= David Hamilton (tenor) =

Scottish-born Australian operatic tenor

David Mulvenna Hamilton (born 22 March 1960) is a Scottish-born Australian operatic tenor.

== Career ==
Hamilton studied voice and flute at Napier College in Edinburgh, and at The Royal Scottish Academy of Music and Dance. His teachers included Grant Dickson, Robert Gard and Lillian Liddell.

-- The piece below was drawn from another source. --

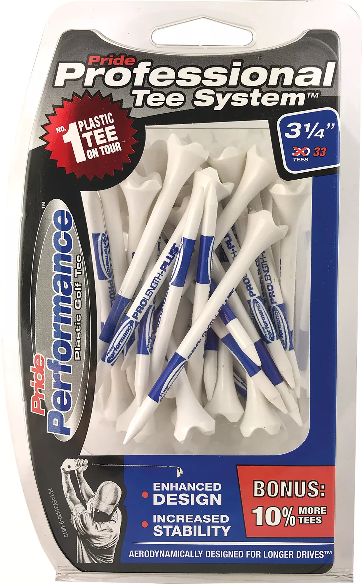 Pride® Professional Tee System™ Evolution 3.25″ Golf Tees are plastic performance tees engineered with special low-resistance tips that create less friction between the golf ball and tee resulting in longer drives.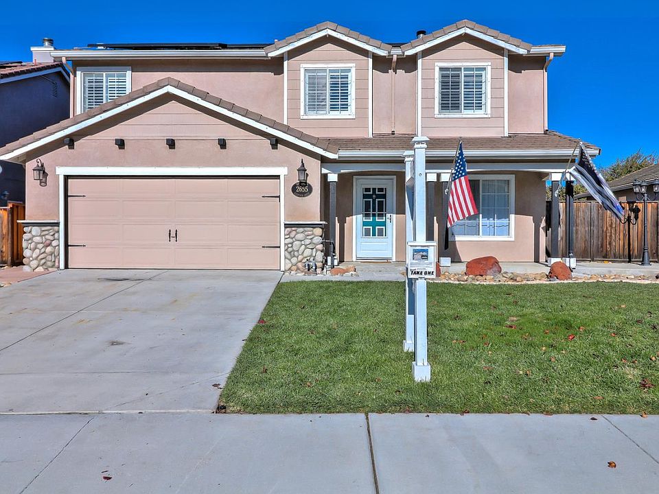 Move-in ready, family home in Hollister! Great space with over 2700 sf of living space, 4 bedrooms plus a huge bonus area upstairs that could be converted to another bedroom, media room or game room for the kids! There are 2.5 bathrooms, both full baths featuring dual sinks. The master bathroom features a stand up shower and tub as well as a large walk in closet. The light, bright kitchen features a large island with room for your everyday dining set. There is a separate family room and living room as well as formal dining. The two-way fireplace spreads warmth in both the family room and formal rooms. The backyard is spacious with a large side yard. Buyers will love the solar; huge $ saver keeping your home cool in the summer and warm in the winter without the the worry of high cost electric bills! Near Whale Park and walking distance to shopping - great proximity to commuter routes too! This home is priced to sell!

He moved to Sydney, Australia in 1979. He was a member of the vocal ensemble The Song Company from 1986 to 1991, being a full-time member in 1996. Performances have included the tenor roles in oratorios with all the major orchestras in Australia and New Zealand; he has also performed in the United Kingdom, Germany, Japan and China. His repertoire includes Handel's Messiah, Bach's Passions, Haydn's The Creation, Britten's War Requiem and Elgar's Dream of Gerontius. A review in the Wellington Post wrote about his performance as the Evangelist: "Most remarkable of the soloists was David Hamilton. His words tumbled out as if he was dramatizing a remarkable event of last week with a voice of wide range and power and a particularly arresting top."

On the opera stage, he has performed in the title role of Britten's Albert Herring, Tamino in Mozart's Die Zauberflöte and Loge in Wagner's Das Rheingold. In 2007 he performed at the title role of Wagner's Lohengrin at the Saarbrücken Opera House.

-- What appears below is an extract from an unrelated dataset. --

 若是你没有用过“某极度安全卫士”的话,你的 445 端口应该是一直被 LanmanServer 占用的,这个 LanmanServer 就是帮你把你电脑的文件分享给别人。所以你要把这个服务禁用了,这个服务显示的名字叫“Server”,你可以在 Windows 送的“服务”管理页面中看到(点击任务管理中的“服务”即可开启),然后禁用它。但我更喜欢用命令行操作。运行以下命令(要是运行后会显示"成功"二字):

Hamilton has performed at many theatres and festivals, including the Australian Opera in Sydney, the West Australian Opera in Perth, the Queensland Opera in Brisbane, the South Australian Opera in Adelaide, the New Zealand Opera in Auckland, the Wellington Opera in Wellington, New Zealand and the New Zealand Festival. In Europe he has performed at the Scottish Opera in Glasgow and the Edinburgh Festival, and the Halle Handel Festival.